:: DATASET EXTRACT ::
══════════

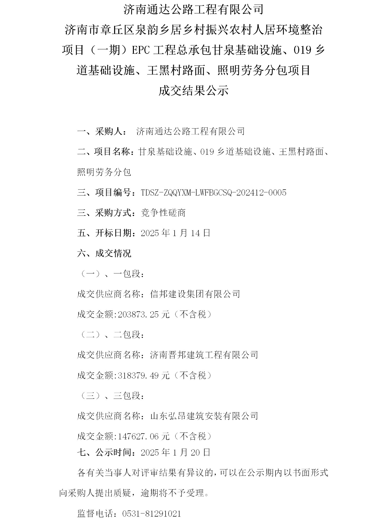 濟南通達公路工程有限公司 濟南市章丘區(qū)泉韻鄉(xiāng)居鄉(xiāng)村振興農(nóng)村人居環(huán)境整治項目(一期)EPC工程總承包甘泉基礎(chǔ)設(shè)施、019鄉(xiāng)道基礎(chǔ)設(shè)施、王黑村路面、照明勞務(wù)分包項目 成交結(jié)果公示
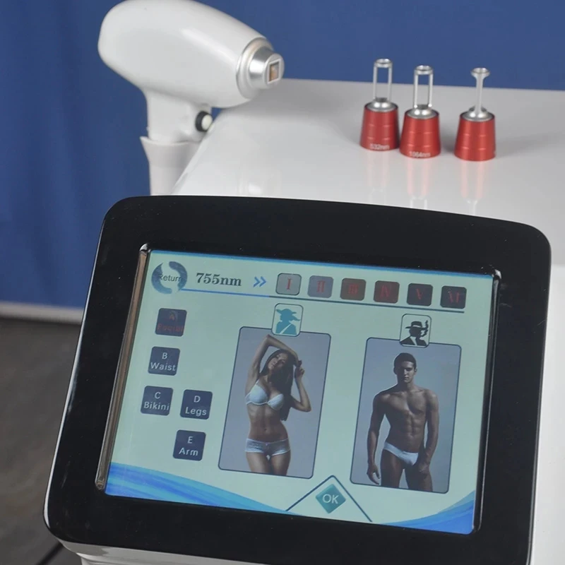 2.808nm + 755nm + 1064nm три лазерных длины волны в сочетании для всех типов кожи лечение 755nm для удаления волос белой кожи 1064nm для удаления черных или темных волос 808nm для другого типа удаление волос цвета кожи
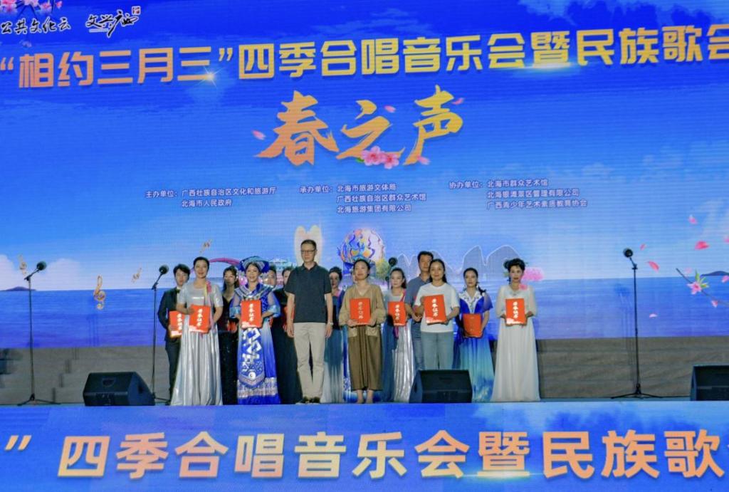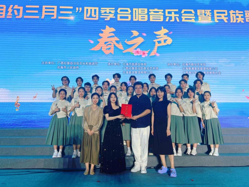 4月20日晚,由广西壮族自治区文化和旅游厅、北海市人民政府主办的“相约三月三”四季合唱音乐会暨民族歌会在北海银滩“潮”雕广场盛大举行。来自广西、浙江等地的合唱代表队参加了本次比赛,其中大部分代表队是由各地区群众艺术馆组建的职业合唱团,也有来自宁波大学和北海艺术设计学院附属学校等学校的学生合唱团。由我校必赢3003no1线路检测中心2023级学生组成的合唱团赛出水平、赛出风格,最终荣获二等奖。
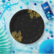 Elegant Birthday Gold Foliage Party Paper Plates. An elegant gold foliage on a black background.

══════════

:: ABOUT THIS EXERCISE ::
With the pictures removed, set down every line of the listing above exactly.

:: SOLVED EXERCISE ::
 濟南通達公路工程有限公司 濟南市章丘區(qū)泉韻鄉(xiāng)居鄉(xiāng)村振興農(nóng)村人居環(huán)境整治項目(一期)EPC工程總承包甘泉基礎(chǔ)設(shè)施、019鄉(xiāng)道基礎(chǔ)設(shè)施、王黑村路面、照明勞務(wù)分包項目 成交結(jié)果公示
 2.808nm + 755nm + 1064nm три лазерных длины волны в сочетании для всех типов кожи лечение 755nm для удаления волос белой кожи 1064nm для удаления черных или темных волос 808nm для другого типа удаление волос цвета кожи
 4月20日晚,由广西壮族自治区文化和旅游厅、北海市人民政府主办的“相约三月三”四季合唱音乐会暨民族歌会在北海银滩“潮”雕广场盛大举行。来自广西、浙江等地的合唱代表队参加了本次比赛,其中大部分代表队是由各地区群众艺术馆组建的职业合唱团,也有来自宁波大学和北海艺术设计学院附属学校等学校的学生合唱团。由我校必赢3003no1线路检测中心2023级学生组成的合唱团赛出水平、赛出风格,最终荣获二等奖。
 Elegant Birthday Gold Foliage Party Paper Plates. An elegant gold foliage on a black background.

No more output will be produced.